Available data:
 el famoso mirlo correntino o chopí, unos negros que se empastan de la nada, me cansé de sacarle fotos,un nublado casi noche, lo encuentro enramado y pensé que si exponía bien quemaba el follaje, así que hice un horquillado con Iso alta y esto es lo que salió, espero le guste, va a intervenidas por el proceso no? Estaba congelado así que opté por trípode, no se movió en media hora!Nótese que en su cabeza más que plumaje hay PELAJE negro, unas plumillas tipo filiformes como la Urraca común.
...
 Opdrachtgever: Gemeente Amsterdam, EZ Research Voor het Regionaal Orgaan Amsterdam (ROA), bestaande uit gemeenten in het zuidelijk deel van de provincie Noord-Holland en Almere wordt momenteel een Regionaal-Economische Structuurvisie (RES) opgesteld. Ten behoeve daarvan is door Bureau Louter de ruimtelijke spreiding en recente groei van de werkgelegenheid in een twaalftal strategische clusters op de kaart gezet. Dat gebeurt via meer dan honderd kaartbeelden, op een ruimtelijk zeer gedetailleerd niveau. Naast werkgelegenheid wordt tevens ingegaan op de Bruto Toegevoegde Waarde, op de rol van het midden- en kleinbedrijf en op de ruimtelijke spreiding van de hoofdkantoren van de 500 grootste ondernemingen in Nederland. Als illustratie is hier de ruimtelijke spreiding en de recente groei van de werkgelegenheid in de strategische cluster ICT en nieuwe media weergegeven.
--
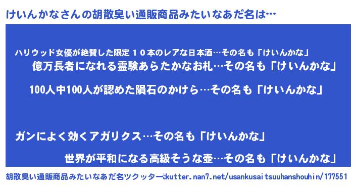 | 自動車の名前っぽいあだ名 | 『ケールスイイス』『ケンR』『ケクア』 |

Required work:
Check each line above for the word "media" and copy every line that has it.

Final answer:
 el famoso mirlo correntino o chopí, unos negros que se empastan de la nada, me cansé de sacarle fotos,un nublado casi noche, lo encuentro enramado y pensé que si exponía bien quemaba el follaje, así que hice un horquillado con Iso alta y esto es lo que salió, espero le guste, va a intervenidas por el proceso no? Estaba congelado así que opté por trípode, no se movió en media hora!Nótese que en su cabeza más que plumaje hay PELAJE negro, unas plumillas tipo filiformes como la Urraca común.
 Opdrachtgever: Gemeente Amsterdam, EZ Research Voor het Regionaal Orgaan Amsterdam (ROA), bestaande uit gemeenten in het zuidelijk deel van de provincie Noord-Holland en Almere wordt momenteel een Regionaal-Economische Structuurvisie (RES) opgesteld. Ten behoeve daarvan is door Bureau Louter de ruimtelijke spreiding en recente groei van de werkgelegenheid in een twaalftal strategische clusters op de kaart gezet. Dat gebeurt via meer dan honderd kaartbeelden, op een ruimtelijk zeer gedetailleerd niveau. Naast werkgelegenheid wordt tevens ingegaan op de Bruto Toegevoegde Waarde, op de rol van het midden- en kleinbedrijf en op de ruimtelijke spreiding van de hoofdkantoren van de 500 grootste ondernemingen in Nederland. Als illustratie is hier de ruimtelijke spreiding en de recente groei van de werkgelegenheid in de strategische cluster ICT en nieuwe media weergegeven.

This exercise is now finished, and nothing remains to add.